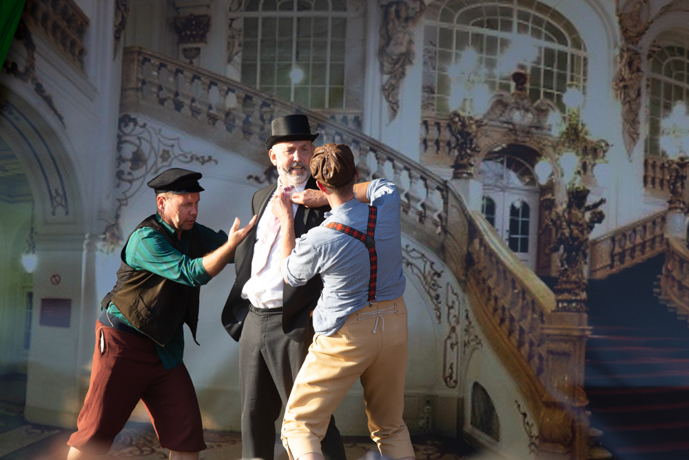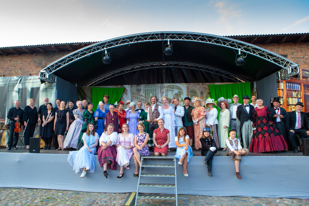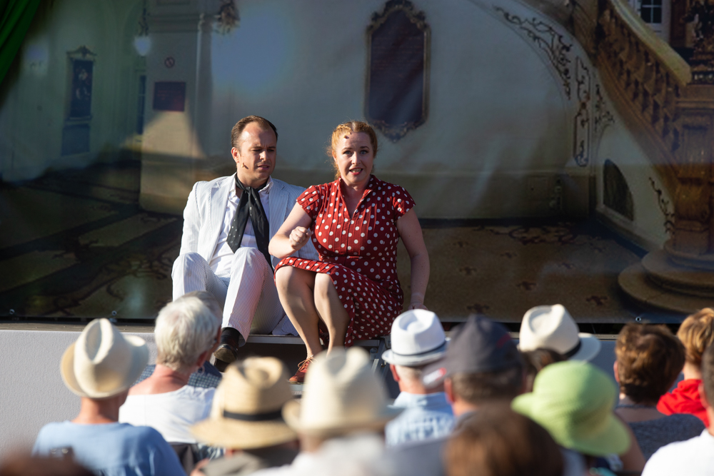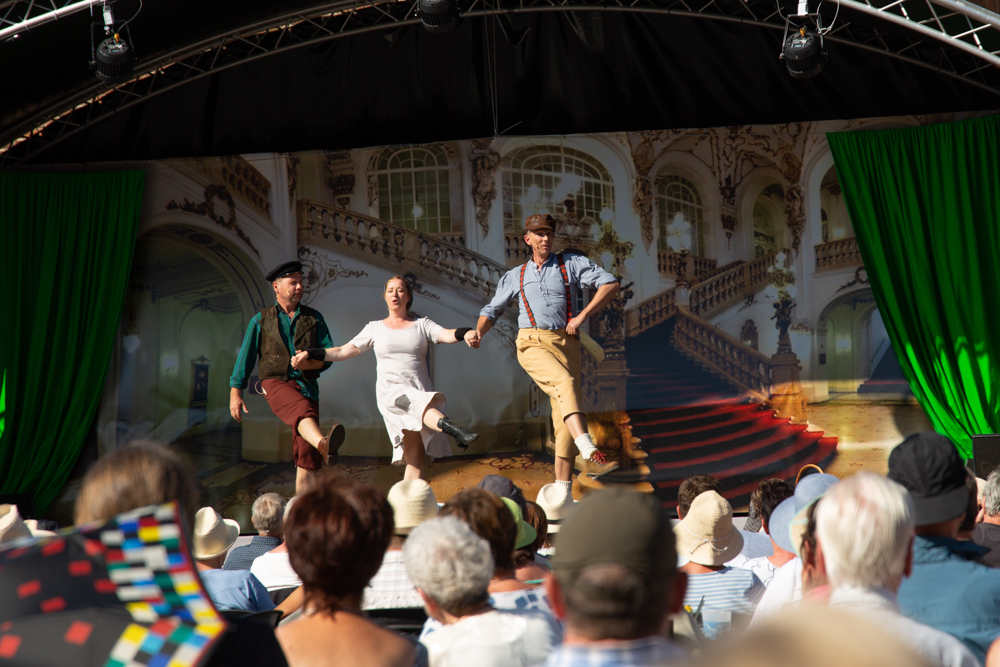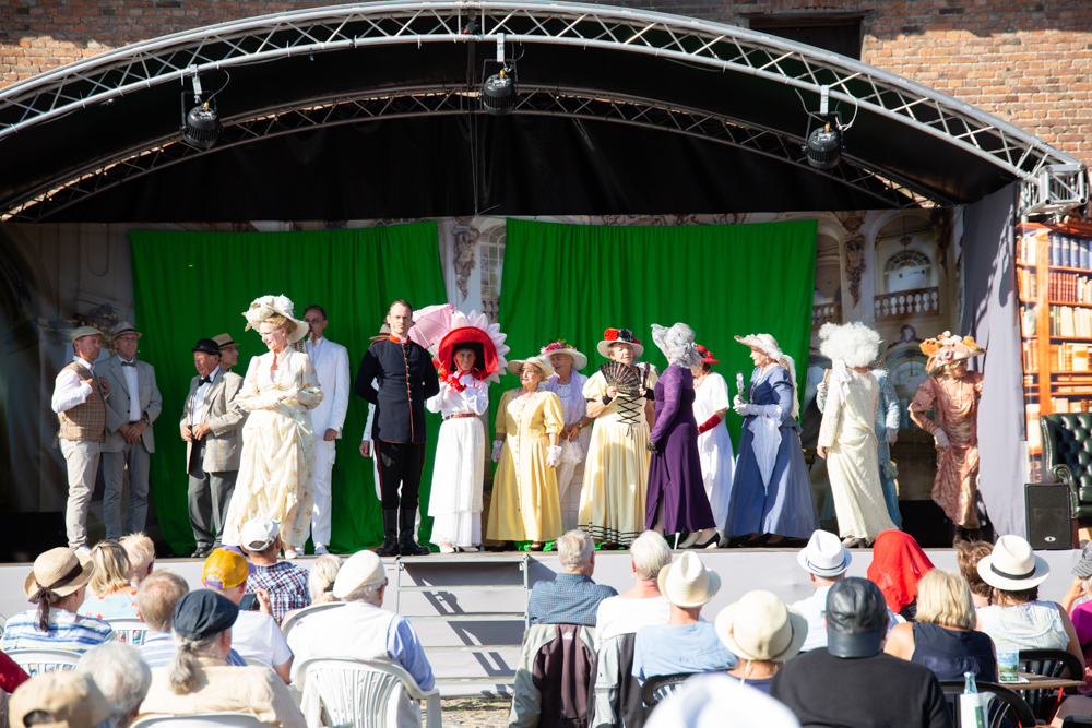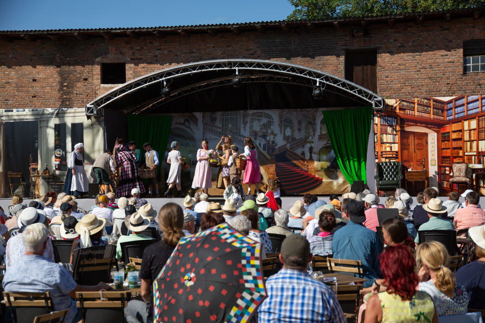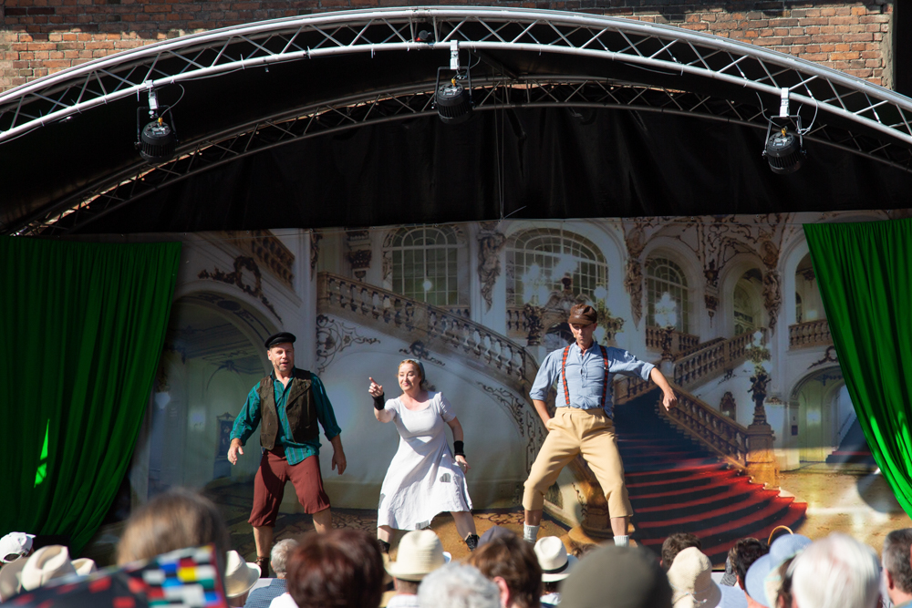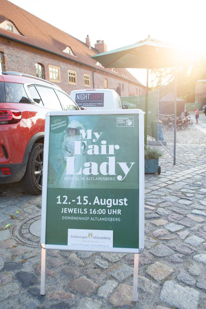 Eliza Doolittles Premiere auf dem Opernball: Nachdem Anfang des Sommers ein Barockstück auf dem Altlandsberger Domänenhof große Begeisterung beim Publikum auslöste, wurde es nun mit dem Musical My Fair Lady an vier aufeinanderfolgenden Nachmittagen erfreut. Der Vorsatz des Schlossgut-Chefs Stephen Rübsam "wir wollen die Kultur draußen etablieren", scheint aufgegangen zu sein. Von Stephan Wapenhans (Prof. Higgins) in Szene gesetzt, agierten professionelle Künstler wie Sopranistin Cornelia Marschall (Eliza Doolittle), Thomas Hartkopf (Oberst Pickering) oder James Michael Atkins (Freddy Ensford-Hill) Seite an Seite mit Neuenhagenern aus der Seniorentanzgruppe, Rüdersdorfern aus dem Pelle Camp oder Schöneicher Musikern. Das Publikum freute sich auch über die lokale Anbindung des Strückes an die Region wie der Rennbahn Hoppegarten und anderen Lokalitäten.
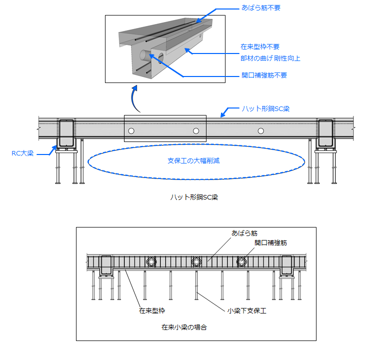 ハット形鋼SC梁は、コンクリート打設時には、ハット形鋼は型枠としての役割を果たします。ハット形鋼は通常の型枠と違い、それ自身に剛性と耐力が期待できるので、通常のRC梁打設で準備しなければならない支保工を大幅に低減することができます。したがって、直下階の作業効率・生産性を著しく向上させることが可能です。また、コンクリート硬化後は、RC梁とS梁の剛性・耐力を有効に併せ持つ合成構造として機能します。RC梁とS梁が一体となって挙動するため、単独のRC梁またはS梁と比べて居住性能も向上します。
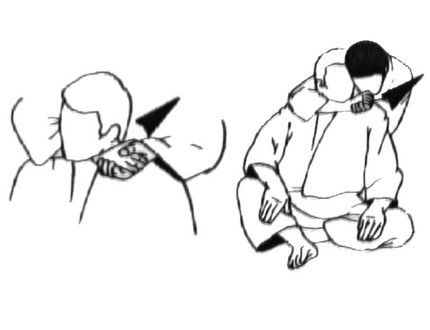 DESCRIPTION : Tori est à genoux derrière Uke, genou droit levé. Il passe son bras droit devant la gorge de Uke et le dos de sa main gauche sur l'épaule gauche de Uke. Il rejoint ses 2 mains, paume face à face et place le côté droit de sa tête sur la tempe gauche de Uke. L'étranglement se fait en déséquilibrant Uke vers l'arrière en tirant le bras droit dans la même direction.
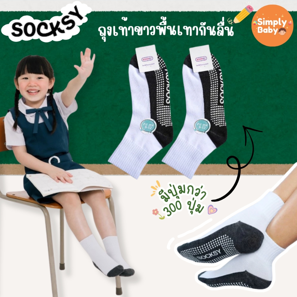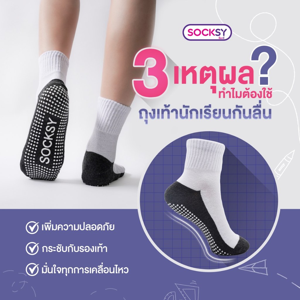 socksy ถุงเท้านักเรียน ถุงเท้าเด็ก มีปุ่มกันลื่น ป้องกันแบคทีเรีย ไม่อับชื้นง่าย
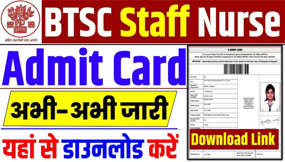 Bihar Technical Service Commission (BTSC)Bihar BTSC स्टाफ नर्स एडमिट कार्ड 2025BTSC विज्ञापन संख्या: 23/2025 |
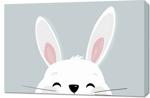 Obraz z serii wnętrza zatytułowany Radosne Skoki i przedstawia uroczy, radosny obraz króliczka, którego twarz wygląda spod górnego krawędzia obrazu. Jego wielkie, miękkie uszy w delikatnych odcieniach różu rzucają się w oczy na tle spokojnej, pastelowej szarości. Uśmiechające się zwierzątko, ze szczęśliwymi, zamkniętymi oczami, przywołuje atmosferę spokoju i radości. Idealny do pokojów dziecięcych lub jako przytulny akcent w kawiarniach i sklepach z artykułami dla dzieci. Jego subtelny, ale pełen ciepła charakter może również wprowadzić odrobinę uroku do każdej przestrzeni, która potrzebuje kropli niewinności i spokoju.
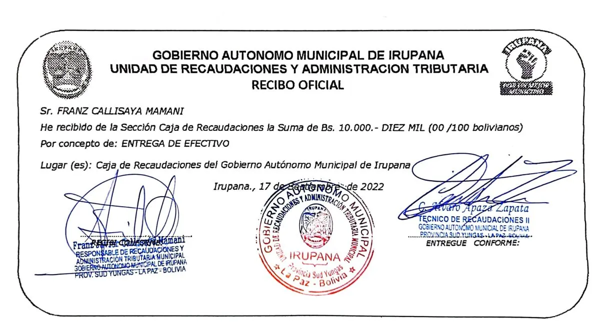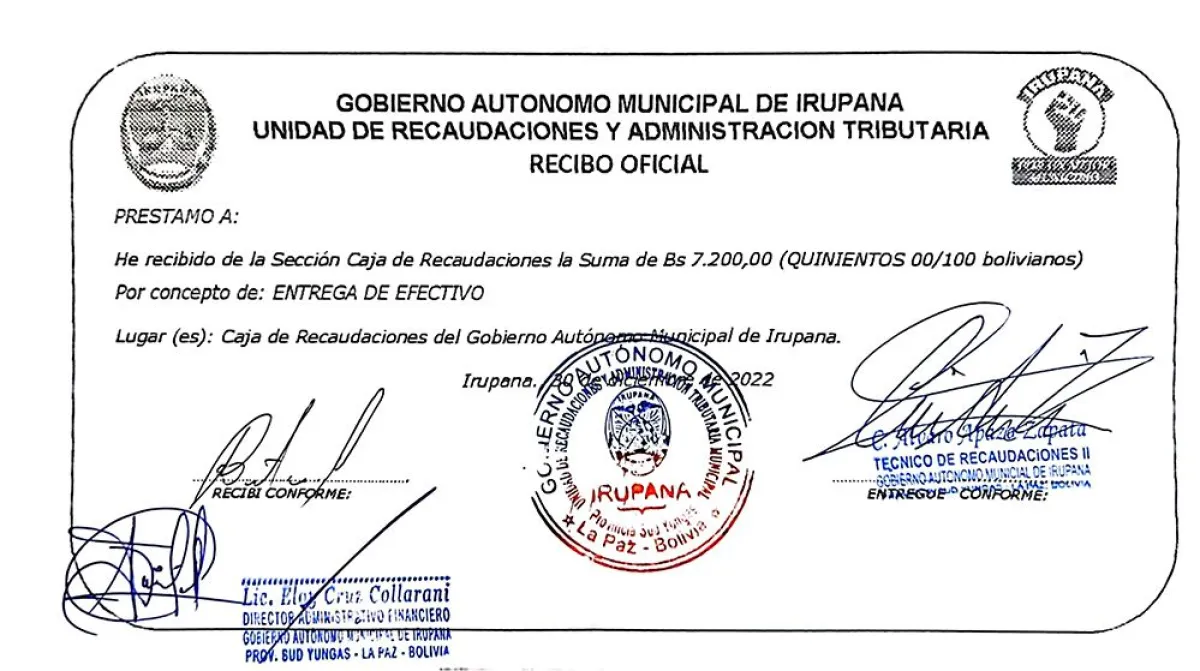 No obstante, además de sus afirmaciones, Apaza, presentó 45 recibos para comprobar que la entrega de este dinero se dio por órdenes de Mamani. Precisamente, varios de los recibos llevan las firmas de Callisaya y Cruz, pero también del alcalde de Irupana.

____

Work to be completed: Where a record above holds a picture, drop the picture and print the rest exactly.

Solution to this exercise:
 Eliza Doolittles Premiere auf dem Opernball: Nachdem Anfang des Sommers ein Barockstück auf dem Altlandsberger Domänenhof große Begeisterung beim Publikum auslöste, wurde es nun mit dem Musical My Fair Lady an vier aufeinanderfolgenden Nachmittagen erfreut. Der Vorsatz des Schlossgut-Chefs Stephen Rübsam "wir wollen die Kultur draußen etablieren", scheint aufgegangen zu sein. Von Stephan Wapenhans (Prof. Higgins) in Szene gesetzt, agierten professionelle Künstler wie Sopranistin Cornelia Marschall (Eliza Doolittle), Thomas Hartkopf (Oberst Pickering) oder James Michael Atkins (Freddy Ensford-Hill) Seite an Seite mit Neuenhagenern aus der Seniorentanzgruppe, Rüdersdorfern aus dem Pelle Camp oder Schöneicher Musikern. Das Publikum freute sich auch über die lokale Anbindung des Strückes an die Region wie der Rennbahn Hoppegarten und anderen Lokalitäten.
 ハット形鋼SC梁は、コンクリート打設時には、ハット形鋼は型枠としての役割を果たします。ハット形鋼は通常の型枠と違い、それ自身に剛性と耐力が期待できるので、通常のRC梁打設で準備しなければならない支保工を大幅に低減することができます。したがって、直下階の作業効率・生産性を著しく向上させることが可能です。また、コンクリート硬化後は、RC梁とS梁の剛性・耐力を有効に併せ持つ合成構造として機能します。RC梁とS梁が一体となって挙動するため、単独のRC梁またはS梁と比べて居住性能も向上します。
 DESCRIPTION : Tori est à genoux derrière Uke, genou droit levé. Il passe son bras droit devant la gorge de Uke et le dos de sa main gauche sur l'épaule gauche de Uke. Il rejoint ses 2 mains, paume face à face et place le côté droit de sa tête sur la tempe gauche de Uke. L'étranglement se fait en déséquilibrant Uke vers l'arrière en tirant le bras droit dans la même direction.
 socksy ถุงเท้านักเรียน ถุงเท้าเด็ก มีปุ่มกันลื่น ป้องกันแบคทีเรีย ไม่อับชื้นง่าย
 Bihar Technical Service Commission (BTSC)Bihar BTSC स्टाफ नर्स एडमिट कार्ड 2025BTSC विज्ञापन संख्या: 23/2025 |
 Obraz z serii wnętrza zatytułowany Radosne Skoki i przedstawia uroczy, radosny obraz króliczka, którego twarz wygląda spod górnego krawędzia obrazu. Jego wielkie, miękkie uszy w delikatnych odcieniach różu rzucają się w oczy na tle spokojnej, pastelowej szarości. Uśmiechające się zwierzątko, ze szczęśliwymi, zamkniętymi oczami, przywołuje atmosferę spokoju i radości. Idealny do pokojów dziecięcych lub jako przytulny akcent w kawiarniach i sklepach z artykułami dla dzieci. Jego subtelny, ale pełen ciepła charakter może również wprowadzić odrobinę uroku do każdej przestrzeni, która potrzebuje kropli niewinności i spokoju.
 No obstante, además de sus afirmaciones, Apaza, presentó 45 recibos para comprobar que la entrega de este dinero se dio por órdenes de Mamani. Precisamente, varios de los recibos llevan las firmas de Callisaya y Cruz, pero también del alcalde de Irupana.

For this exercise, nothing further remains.